## ASSIGNED TASK
Return the following from the records below: each line, word for word, starting with the line that contains "山形駅までは行かずに、少し手" and going on through the line that contains "검은 줄무늬 야외 빠른", with nothing outside that range.

## EXTRACTED INFORMATION
*** Block opens ***
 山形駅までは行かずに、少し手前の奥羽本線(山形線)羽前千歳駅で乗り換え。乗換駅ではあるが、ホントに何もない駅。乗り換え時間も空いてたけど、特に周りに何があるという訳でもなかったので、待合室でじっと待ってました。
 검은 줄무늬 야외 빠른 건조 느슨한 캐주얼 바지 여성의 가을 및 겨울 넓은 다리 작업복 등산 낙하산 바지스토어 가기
*** Block closes ***
*** Block opens ***
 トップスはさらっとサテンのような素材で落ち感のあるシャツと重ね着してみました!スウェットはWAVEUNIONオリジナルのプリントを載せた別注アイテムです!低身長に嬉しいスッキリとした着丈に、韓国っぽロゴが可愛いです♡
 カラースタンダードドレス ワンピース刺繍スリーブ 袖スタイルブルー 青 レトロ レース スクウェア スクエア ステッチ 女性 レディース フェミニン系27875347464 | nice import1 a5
*** Block closes ***
## FINISHED TASK
 山形駅までは行かずに、少し手前の奥羽本線(山形線)羽前千歳駅で乗り換え。乗換駅ではあるが、ホントに何もない駅。乗り換え時間も空いてたけど、特に周りに何があるという訳でもなかったので、待合室でじっと待ってました。
 검은 줄무늬 야외 빠른 건조 느슨한 캐주얼 바지 여성의 가을 및 겨울 넓은 다리 작업복 등산 낙하산 바지스토어 가기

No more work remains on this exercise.